Methods: Encoder Bootstrapping injects the latent vector of an input CBCT image into a StyleGAN to generate sCT images, preserving the anatomical structure of the CBCT image while transferring the style of CT images. Latent Vector Style Mixing achieves the same objective by mixing style layers of a CBCT latent vector with those of a sCT on a StyleGAN that is trained on both modalities. These frameworks, which utilize StyleGAN2-ADA generators and ResNet encoders, were trained using CBCT and planning CT images from 146 prostate cancer patients and tested on 40 independent patients. Planning CT axial slices were deformably registered to CBCT slices and served as the ground truth. The mean absolute error (MAE) and root-mean-squared error (RMSE) were calculated to evaluate sCT quality. Results were compared to those from unpaired image training method CycleGAN. Proton treatment planning using sCT will also be explored.

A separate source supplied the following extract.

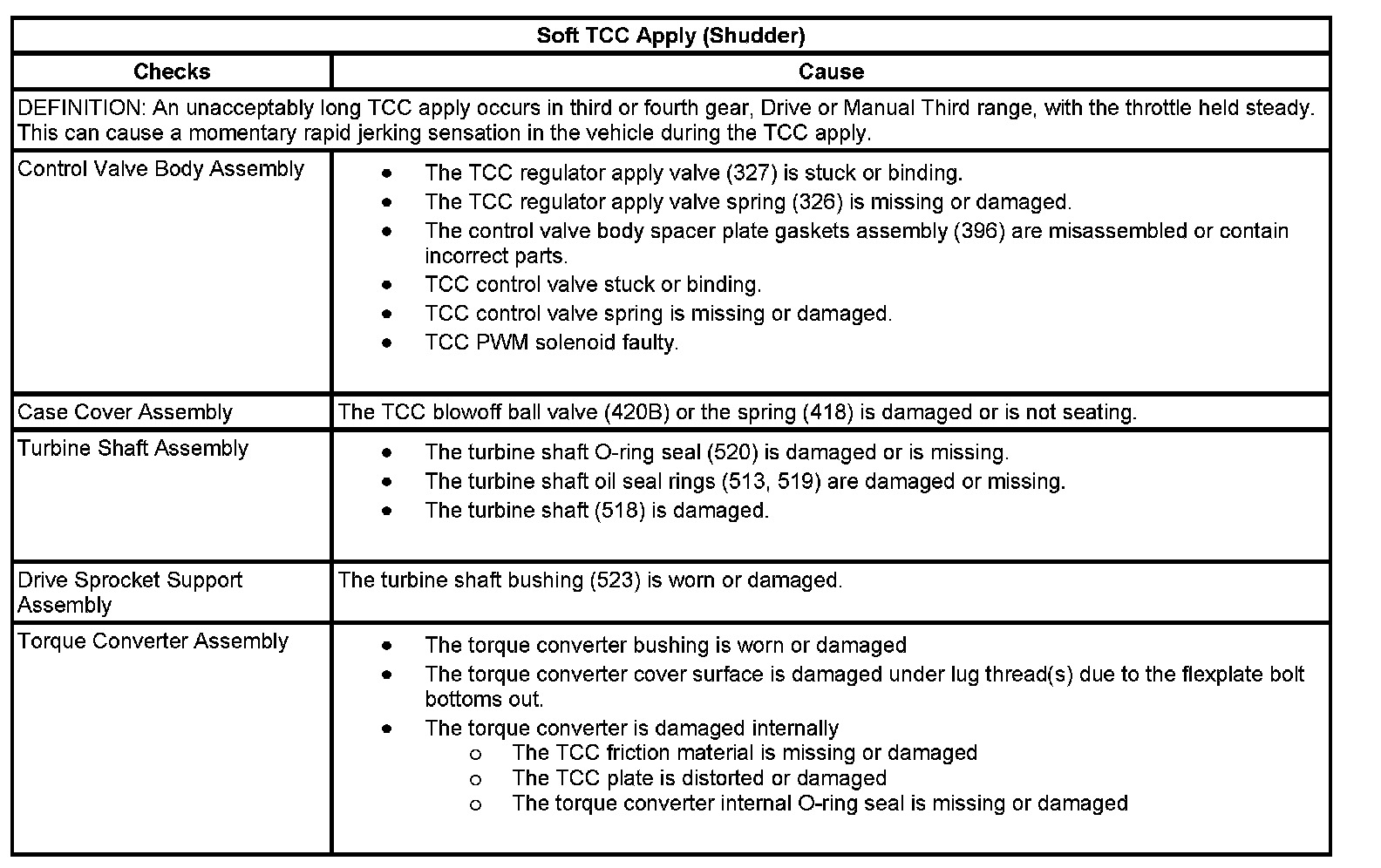 Converter Clutch Apply Rough, Slips, or Shudders:

Results: CycleGAN had the strongest performance, followed by Latent Vector Manipulation and Encoder Bootstrapping with respect to MAE and RMSE. Latent Vector Manipulation most accurately preserved input CBCT structure.

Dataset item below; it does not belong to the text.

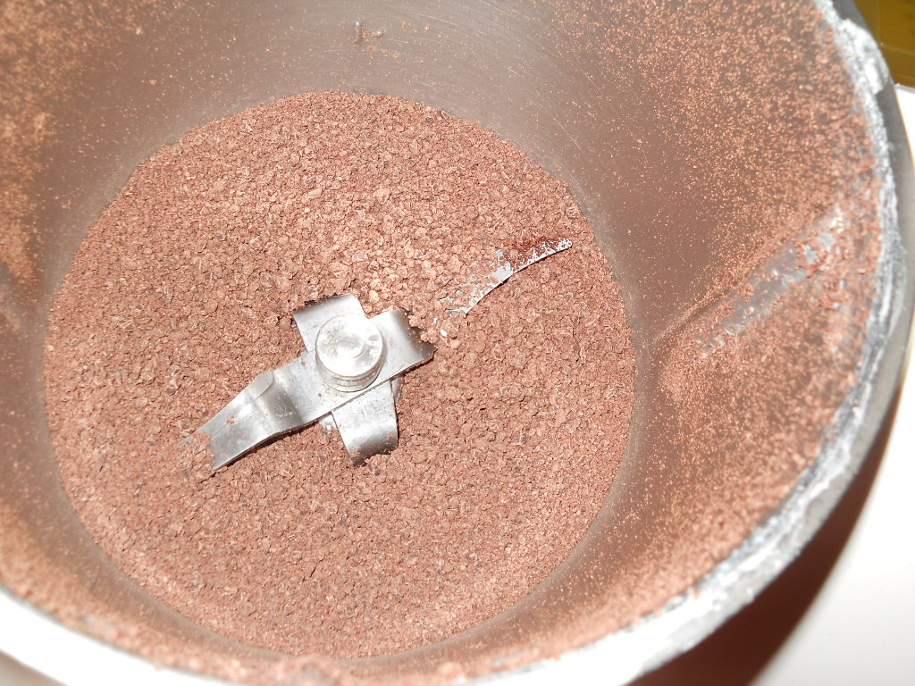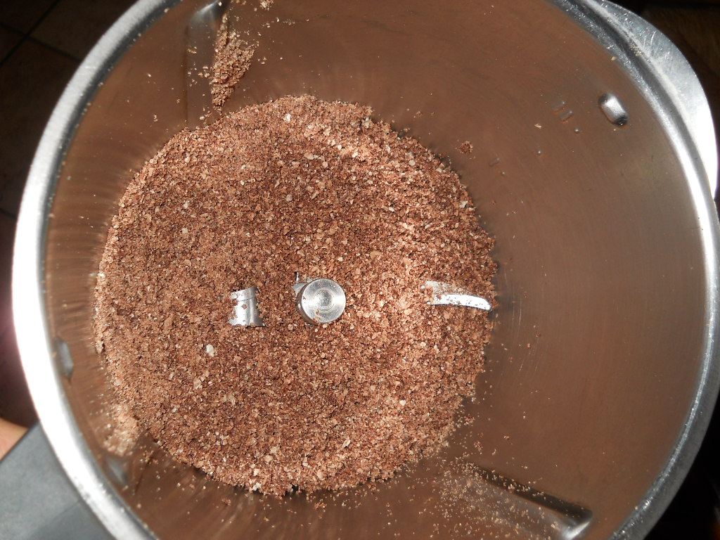 1. Inserite nel coperchio chiuso"coperchio chiuso" i wafer al cioccolato fondente e tritare con qualche colpo turbo non troppo fini, ma nemmeno troppo grossi e metterli da parte.

Conclusion: While the results of preliminary StyleGAN training suggest underperformance relative to CycleGAN, it’s paramount to highlight that the latent space provides users an unprecedented amount control over the behavior of a machine learning model when compared to the black box of CycleGAN. Specific layers of latent vectors which determine anatomical structure, Hounsfield Unit distribution, and image texture can be manually tuned. Both proposed style transfer methods leverage StyleGAN’s inherent ability to manipulate style using the latent space and will be further developed to improve performance.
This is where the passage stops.